• _TASK INPUTS_:
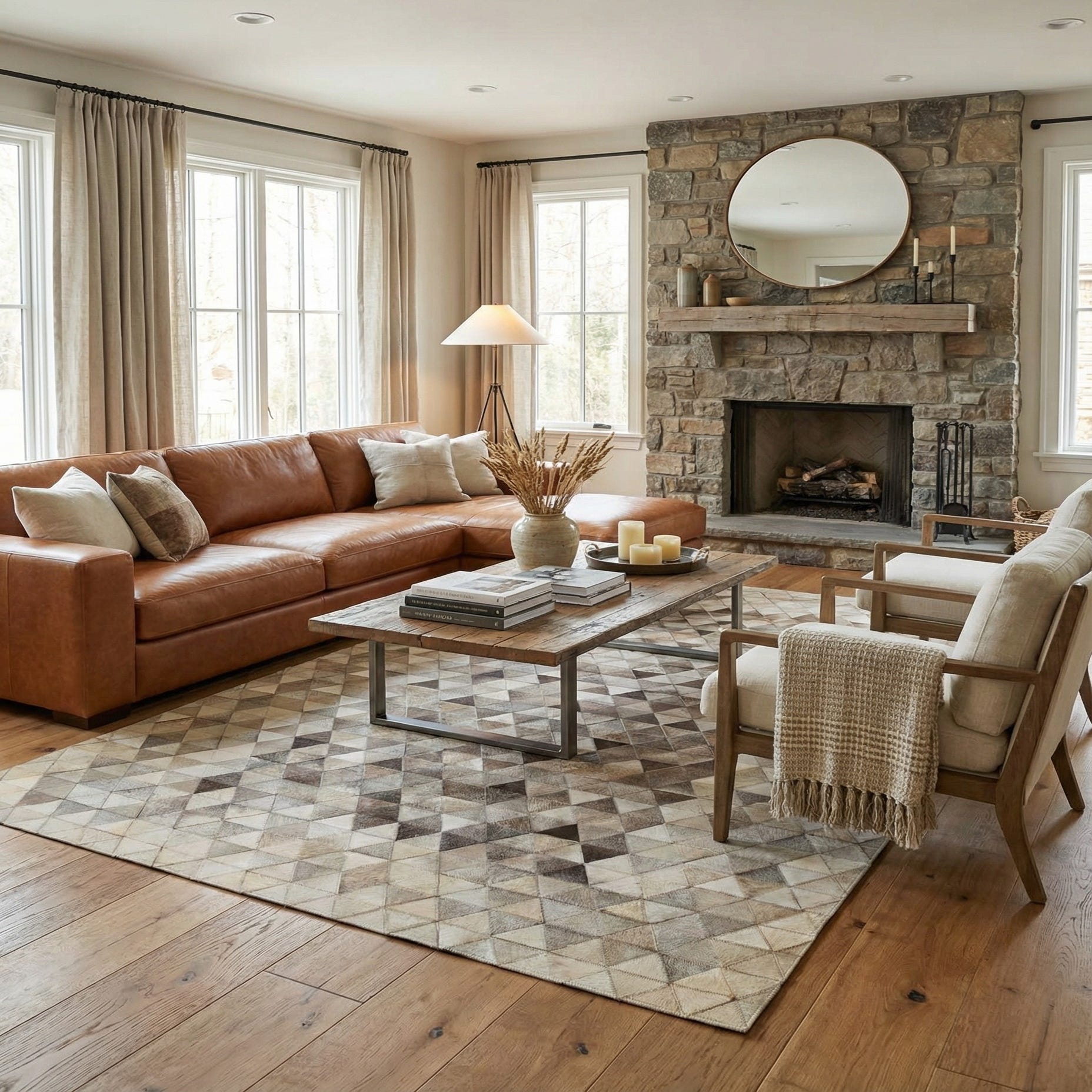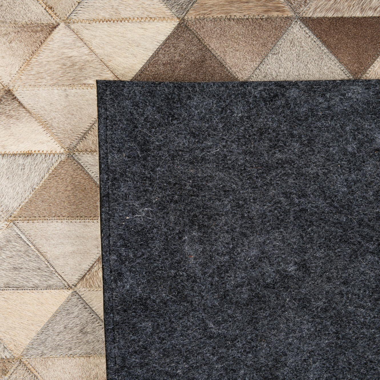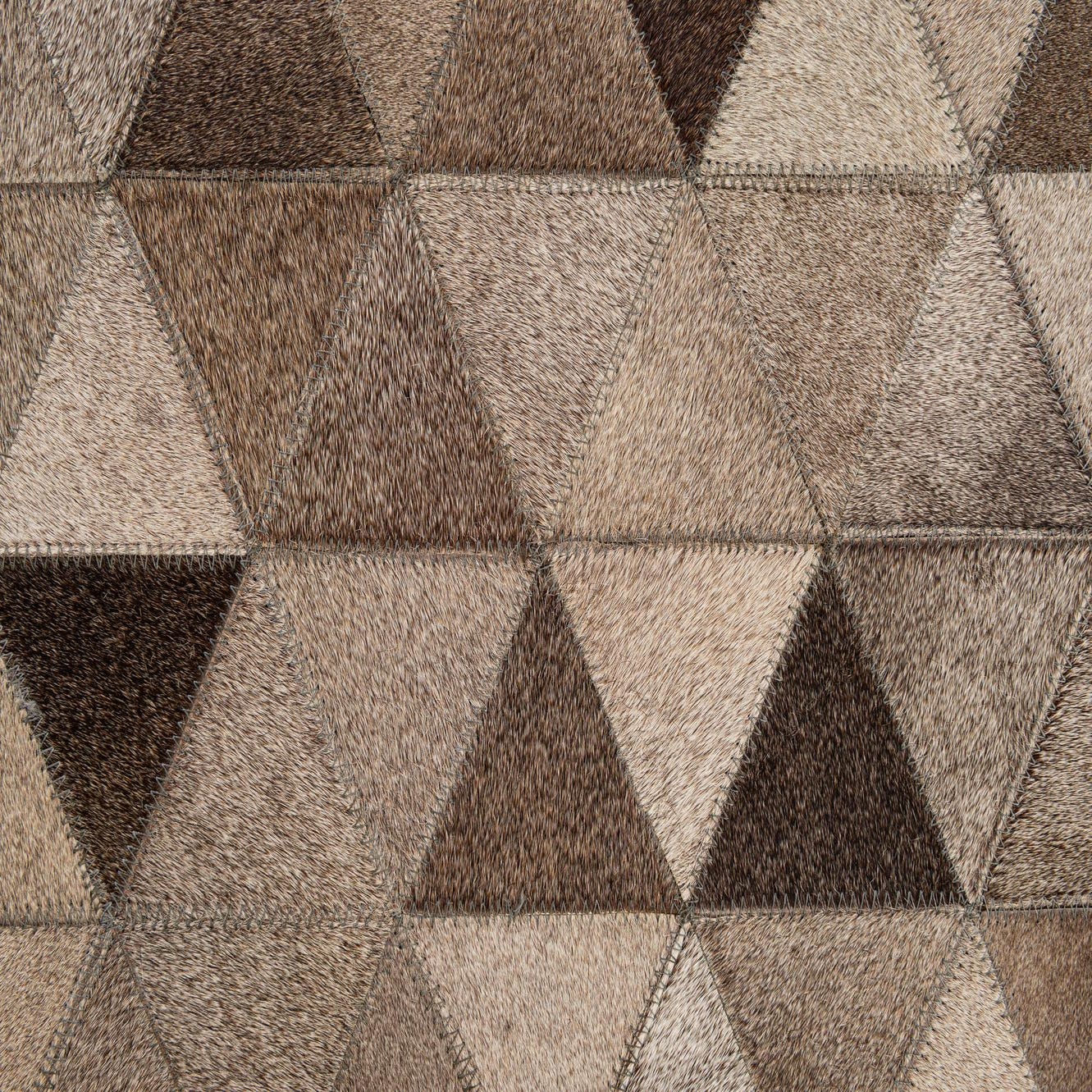 A 5x8 rectangular Cowhide Patchwork rug featuring a modern geometric pattern of multi-colored triangular leather pieces in shades of brown, beige, and cream.
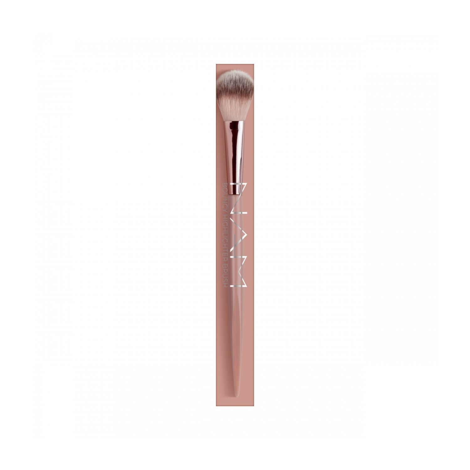 Nam Bouncy Highlighter Brush 1 ud para aplicação precisa de iluminador é um pincel vegano e cruelty free da NAM Cosmetics pensado para aplicar iluminador com precisão. Apresenta um formato redondo e definido, com fibras suaves e ligeiramente achatadas, ideal para realçar:
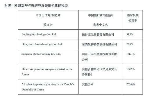 此前,歐盟委員會(huì)發(fā)布公告稱,對(duì)原產(chǎn)于中國(guó)的赤蘚糖醇作出反傾銷初裁,初步裁定對(duì)涉案產(chǎn)品征收31.9%~235.6%的臨時(shí)反傾銷稅(具體看征稅表)。同時(shí),計(jì)劃對(duì)我國(guó)出口的生物柴油征收12.8%至36.4%的臨時(shí)反傾銷稅。
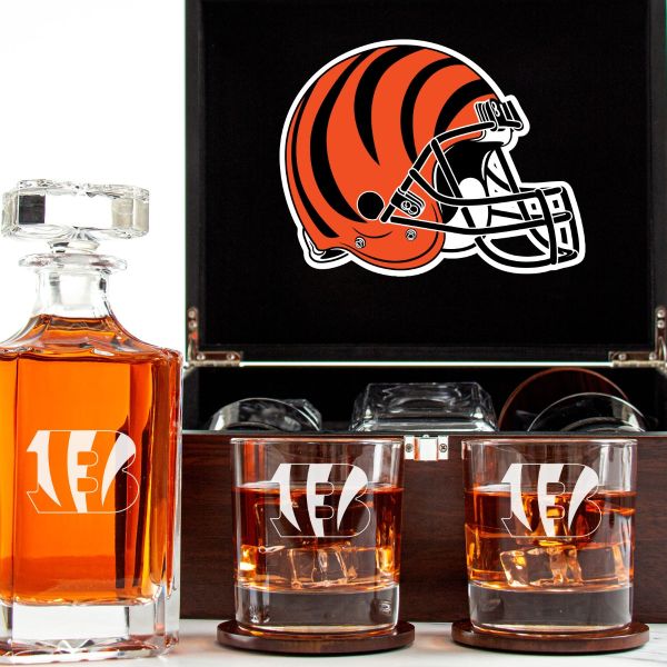 Customized Engraved Dark Brown Wood Box Decanter Set With Rocks Glasses - NFL Cincinnati Bengals
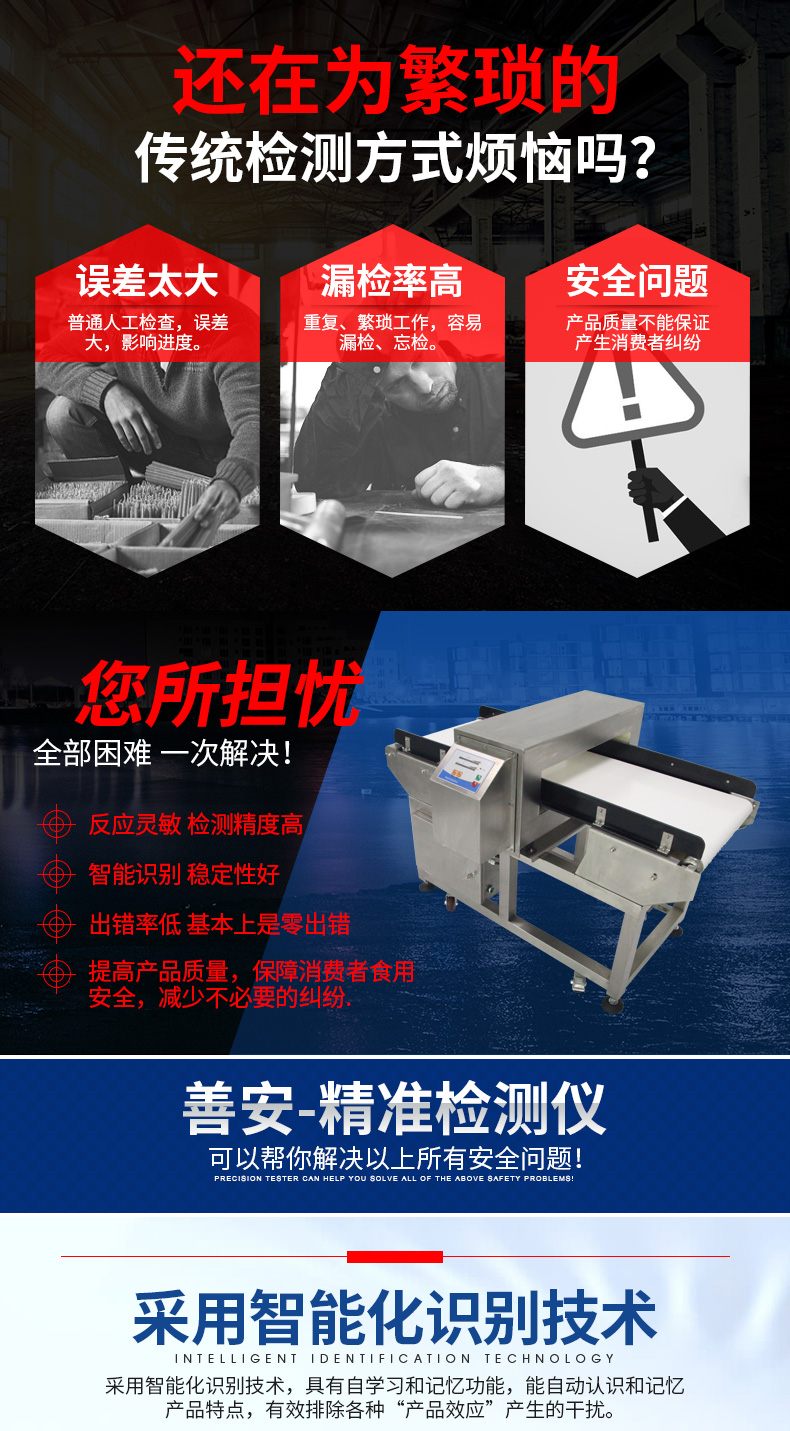 | 1 | 金屬檢測(cè)機(jī)可以識(shí)別各種磁性及非磁性金屬(如鐵、不銹鋼、銅鋁等),即便金屬內(nèi)嵌于產(chǎn)品中也可以被識(shí)別。 |
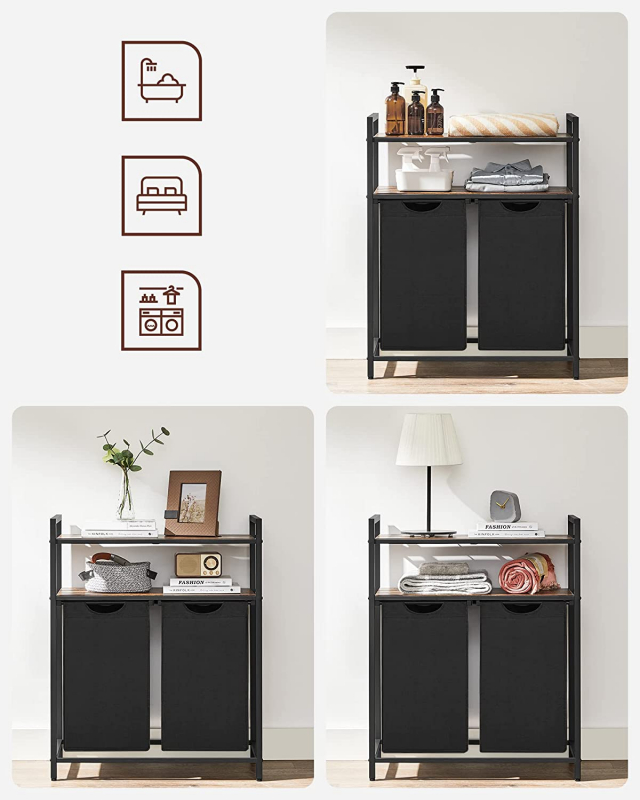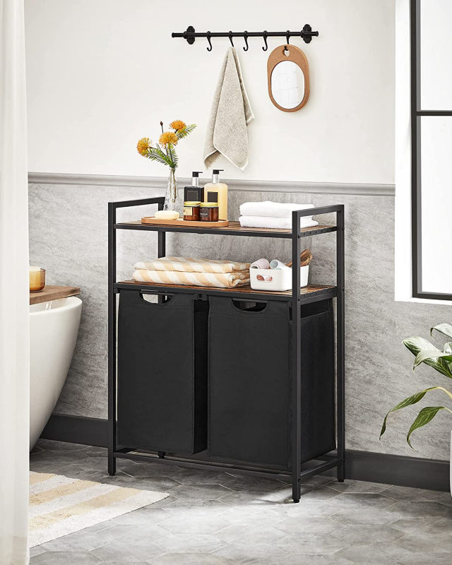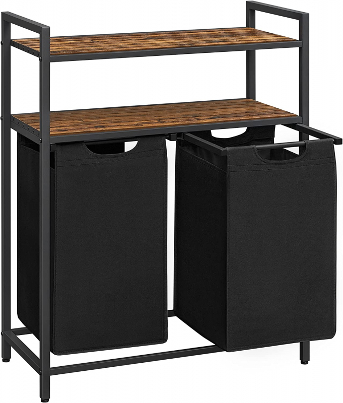 Kôš na bielizeň je vyrobený z čierneho kovového rámu, ktorý nesie nielen dve textilné vyberateľné vrecká, ale aj dva úložné priestory v rustikálnej hnedej farbe.
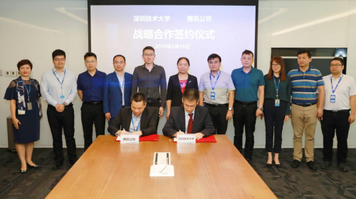 5月16日,深圳技术大学与深圳市腾讯计算机系统有限公司正式签订战略合作协议,未来双方将携手共建学院、设立联合实验室,定期举办腾讯T派暑期夏令营,支持深技大学子加入“腾讯犀牛鸟精英人才培养计划”等,在人才培养、科研合作、信息化建设等领域开展深入合作。腾讯副总裁兼腾讯云总裁邱跃鹏,腾讯云副总裁张纾翔,深圳技术大学副主任张岩鸿等出席签约仪式。
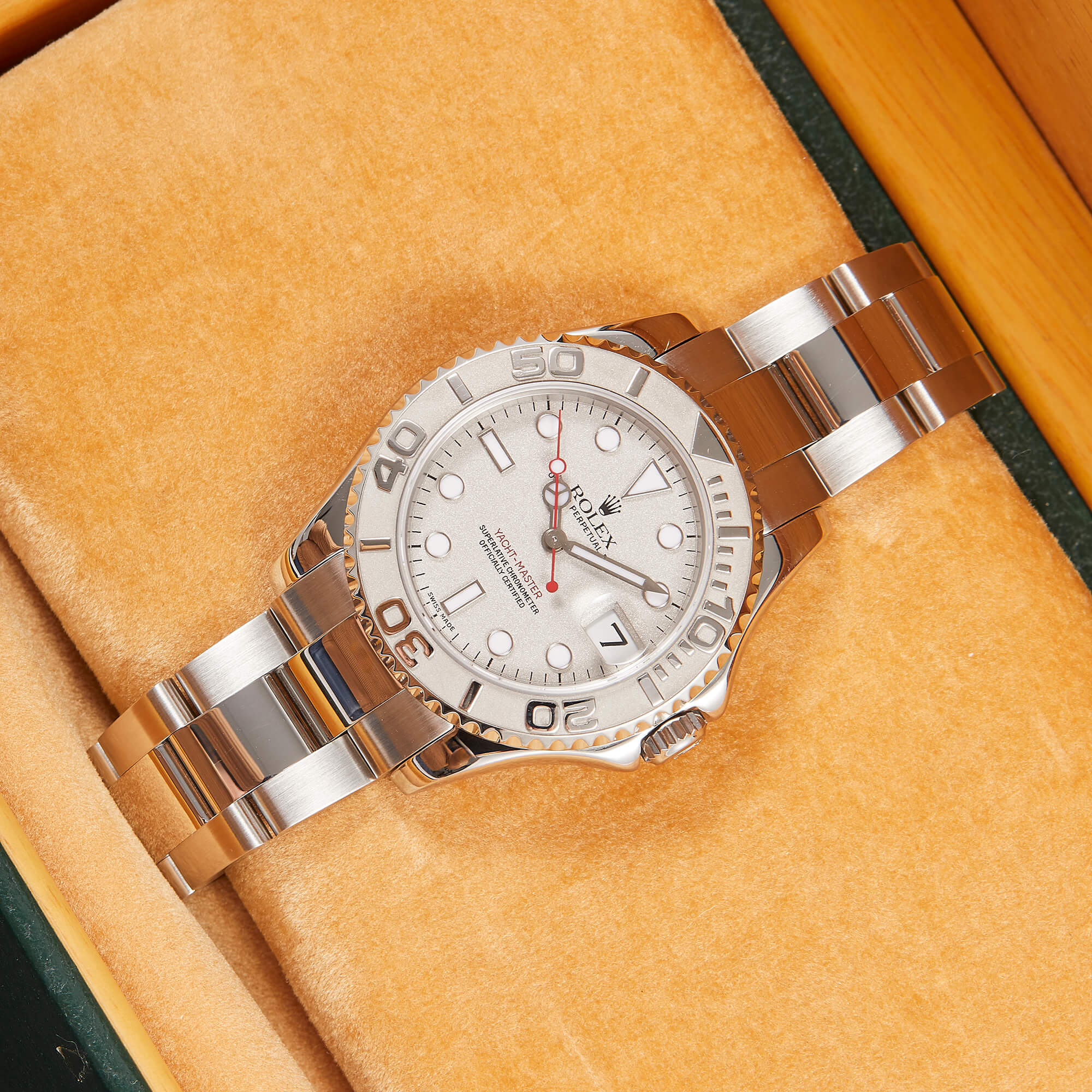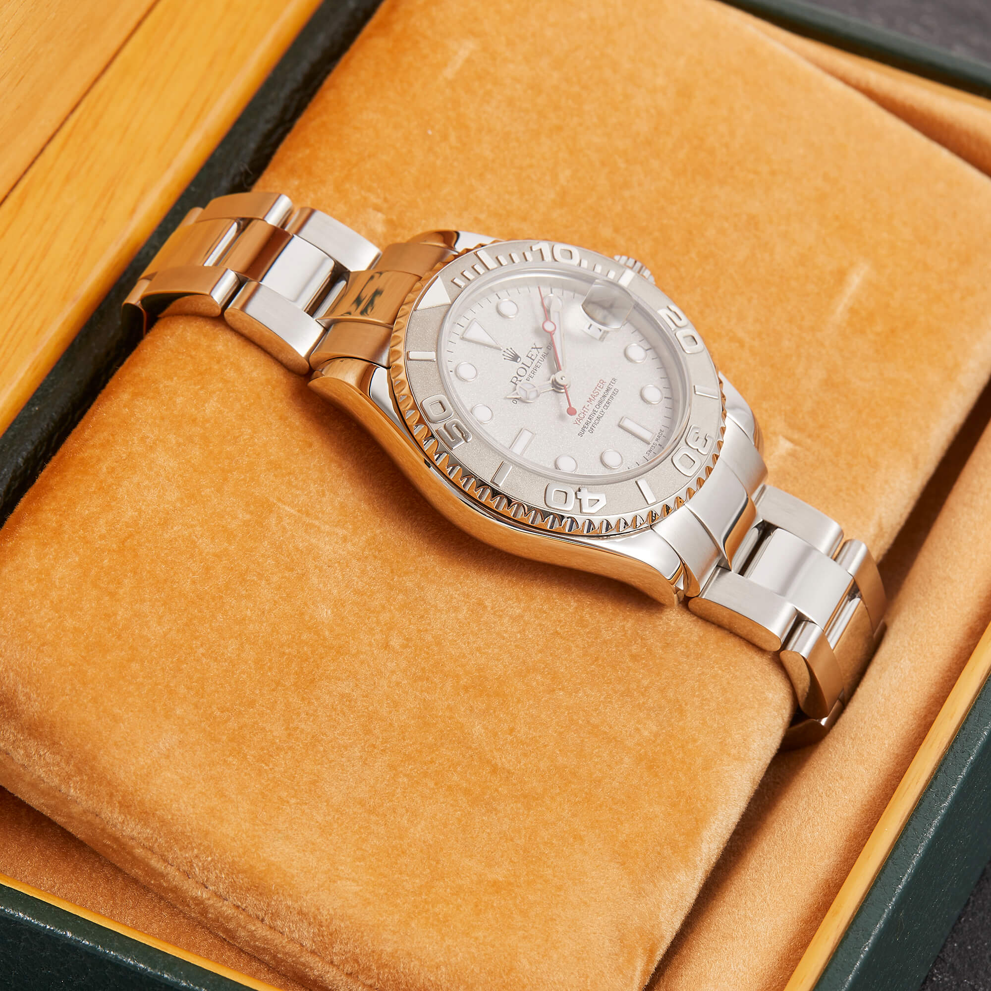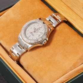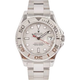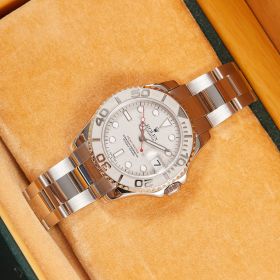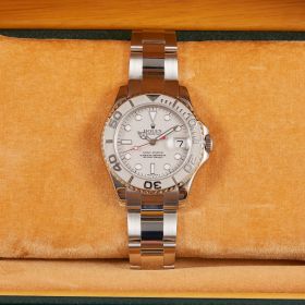 Die Rolex Yacht-Master 168622 ist ein wahres Meisterwerk der Luxusuhrenwelt, das sich durch eine edle Kombination aus Platinlünette und Edelstahlgehäuse auszeichnet. Das silberne Platin-Zifferblatt verleiht der Uhr eine raffinierte Eleganz und eine besondere Tiefe.- Durchmesser

• _WHAT YOU ARE ASKED TO DO_: Apart from the pictures, restate all of the listing above exactly.

• _TASK RESULT_:
 A 5x8 rectangular Cowhide Patchwork rug featuring a modern geometric pattern of multi-colored triangular leather pieces in shades of brown, beige, and cream.
 Nam Bouncy Highlighter Brush 1 ud para aplicação precisa de iluminador é um pincel vegano e cruelty free da NAM Cosmetics pensado para aplicar iluminador com precisão. Apresenta um formato redondo e definido, com fibras suaves e ligeiramente achatadas, ideal para realçar:
 此前,歐盟委員會(huì)發(fā)布公告稱,對(duì)原產(chǎn)于中國(guó)的赤蘚糖醇作出反傾銷初裁,初步裁定對(duì)涉案產(chǎn)品征收31.9%~235.6%的臨時(shí)反傾銷稅(具體看征稅表)。同時(shí),計(jì)劃對(duì)我國(guó)出口的生物柴油征收12.8%至36.4%的臨時(shí)反傾銷稅。
 Customized Engraved Dark Brown Wood Box Decanter Set With Rocks Glasses - NFL Cincinnati Bengals
 | 1 | 金屬檢測(cè)機(jī)可以識(shí)別各種磁性及非磁性金屬(如鐵、不銹鋼、銅鋁等),即便金屬內(nèi)嵌于產(chǎn)品中也可以被識(shí)別。 |
 Kôš na bielizeň je vyrobený z čierneho kovového rámu, ktorý nesie nielen dve textilné vyberateľné vrecká, ale aj dva úložné priestory v rustikálnej hnedej farbe.
 5月16日,深圳技术大学与深圳市腾讯计算机系统有限公司正式签订战略合作协议,未来双方将携手共建学院、设立联合实验室,定期举办腾讯T派暑期夏令营,支持深技大学子加入“腾讯犀牛鸟精英人才培养计划”等,在人才培养、科研合作、信息化建设等领域开展深入合作。腾讯副总裁兼腾讯云总裁邱跃鹏,腾讯云副总裁张纾翔,深圳技术大学副主任张岩鸿等出席签约仪式。
 Die Rolex Yacht-Master 168622 ist ein wahres Meisterwerk der Luxusuhrenwelt, das sich durch eine edle Kombination aus Platinlünette und Edelstahlgehäuse auszeichnet. Das silberne Platin-Zifferblatt verleiht der Uhr eine raffinierte Eleganz und eine besondere Tiefe.- Durchmesser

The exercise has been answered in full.